The many variations tend to be based on a common theme. For instance, garlic is absent from all of the recipes referenced above, as are herbs other than a parsimonious use of bay leaves by some. Seasoning is limited to salt, pepper and the occasional pinch of nutmeg. In all of the recipes meats dominate as the principal ingredient, while tomatoes, in one form or another, are only an auxiliary ingredient.
In Bologna ragù alla bolognese is customarily paired and served with tagliatelle, made with eggs and northern Italy’s soft wheat flour. Acceptable alternatives to fresh tagliatelle include other broad flat pasta shapes, such as pappardelle or fettuccine, and tube shapes, such as rigatoni and penne.
Gruppo Virtuale Cuochi Italiani (GVCI), an international organization and network of culinary professionals dedicated to authentic Italian cuisine, annually organizes and promotes an "International Day of Italian Cuisines" (IDIC). In 2010 tagliatelle al ragu alla bolognese was the official dish for IDIC. The event, held on January 17, 2010, included participation by 450 professional chefs in 50 countries who prepared the signature dish according to “an authentic” recipe provided by chef Mario Caramella. Media coverage was broad internationally, but reports often incorrectly identified the recipe followed as that of l'Accademia Italiana della Cucina, and some included stock photographs of spaghetti Bolognese.

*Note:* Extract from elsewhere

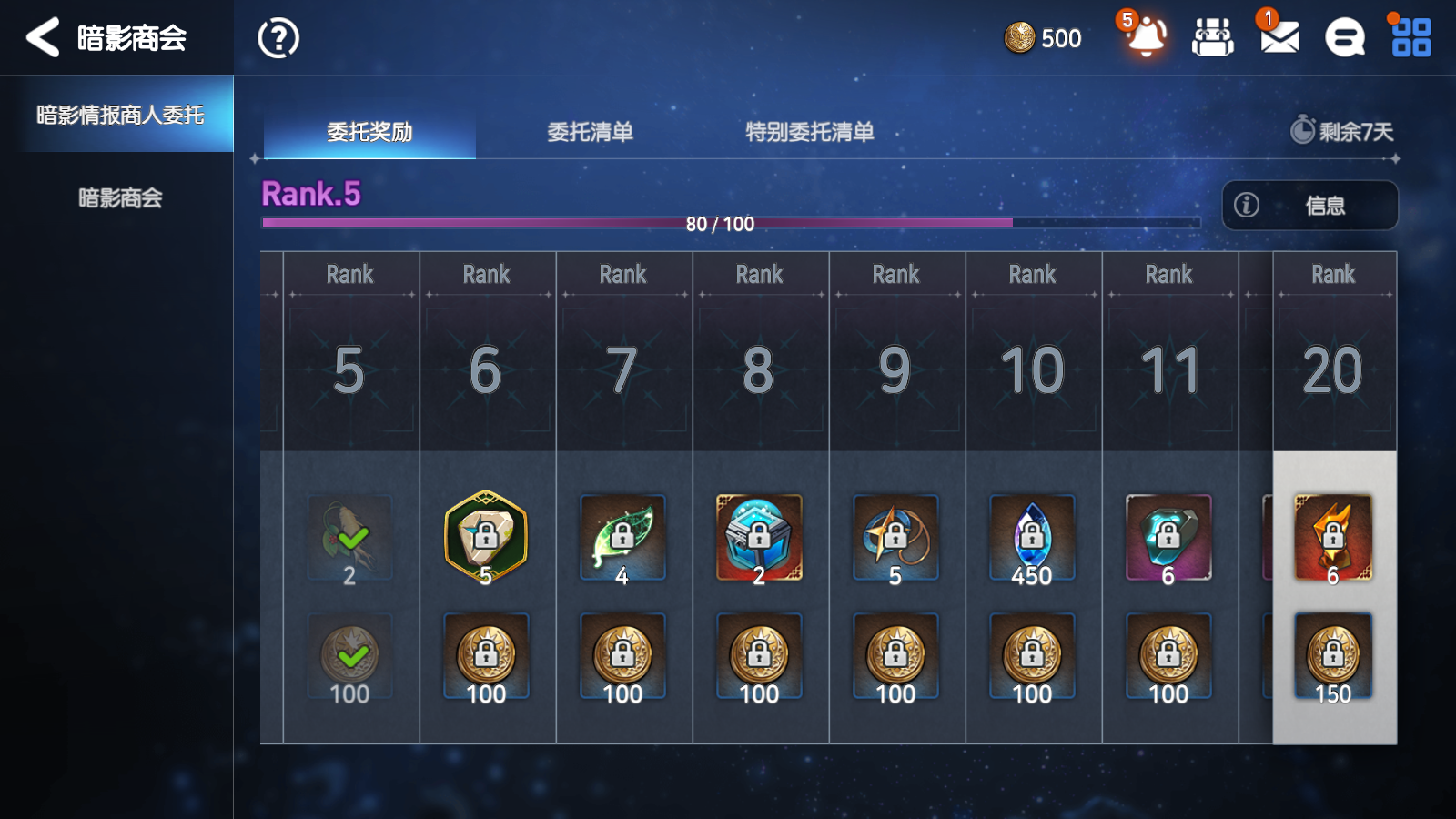 可通过进行赛季战斗副本,执行暗影商会所提供的委托任务。通过完成委托时获得的【暗影信物】,可获得委托奖励Rank经验值,每达成各Rank时,即可获得对应Rank的奖励。

So-called spaghetti alla bolognese (also variously known as spaghetti bolognese, esparguete à bolonhesa, spaghetti bolognaise and colloquially in Commonwealth countries as spag bol) is a pasta dish invented outside of Italy, consisting of a meat sauce served on a bed of spaghetti. The sauce is commonly prepared from ground beef, tomato, onion, bacon, spices, possibly cream and additional vegetables such as carrots, celery, or parsnip. The dish is often topped with a sprinkling of grated Parmigiano cheese. Although spaghetti alla bolognese is very popular in various countries outside of Italy, ragù is not served with spaghetti in Bologna (or elsewhere in Italy), as the pieces of meat do not adhere well to this kind of pasta.
In recent decades, the dish has become very popular in France, Libya, Germany, Austria, Hungary, Sweden, Finland, Denmark and Norway, especially among children. It is called spaghetti med köttfärssås, in Swedish; spaghetti ja jauhelihakastike, in Finnish; spaghetti med kødsovs in Danish; bolognai spagetti in Hungarian; and spaghetti og kjøttdeig in Norwegian; or simply bolognese. Most of these dishes have ground beef and grated cheese as the main ingredient, other ingredients can vary or even be omitted.
A version of this dish is popular in the United Kingdom, Republic of Ireland and Australia where it is often referred to as spag bol or spag bog. In the United States, the term "bolognese" is sometimes applied to a tomato-and-ground-beef sauce that bears little resemblance to the ragù served in Bologna.